Root perforations are undesired complications of endodontic treatment. Once a perforation has been diagnosed, treatment must be rendered to seal the perforation site effectively to minimize injury and prevent contamination of the surrounding periodontal attachment apparatus. Although successful treatment and prognosis depend on many factors, the location of the perforation and the time lapse between exposure and repair are the two most important factors for determining the treatment and prognosis of the tooth. Perforations have been treated mainly through surgical means earlier. However, now, with the introduction and widespread use of the operating microscope, together with the power of ultrasonics, the nonsurgical repair of perforation is more predictable, safe, and easy.

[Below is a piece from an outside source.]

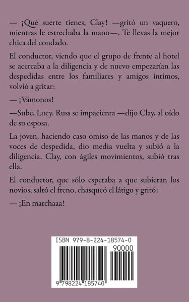 - ¡Qué suerte tienes, Clay! -gritó un vaquero, mientras le estrechaba la mano-. Te llevas la mejor chica del condado. El conductor, viendo que el grupo de frente al hotel se acercaba a la diligencia y de nuevo empezarían las despedidas entre los familiares y amigos íntimos, volvió a gritar: - ¡Vámonos! -Sube, Lucy. Russ se impacienta -dijo Clay, al oído de su esposa. La joven, haciendo caso omiso de las manos y de las voces de despedida, dio media vuelta y subió a la diligencia. Clay, con ágiles movimientos, subió tras ella. El conductor, que sólo esperaba a que subieran los novios, saltó el freno, chasqueó el látigo y gritó: - ¡En marchaaa!

This present case illustrates concepts and techniques of using the operating microscope to visualize and repair the perforation nonsurgically.

CASE REPORT

A 35-year-old female patient reported to the Department of Conservative Dentistry and Endodontics, Dr. R. Ahmed Dental College and Hospital, Kolkata, with pain in tooth No 11. She gave a history of root canal treatment (RCT) having been attempted elsewhere on that tooth, about one month prior.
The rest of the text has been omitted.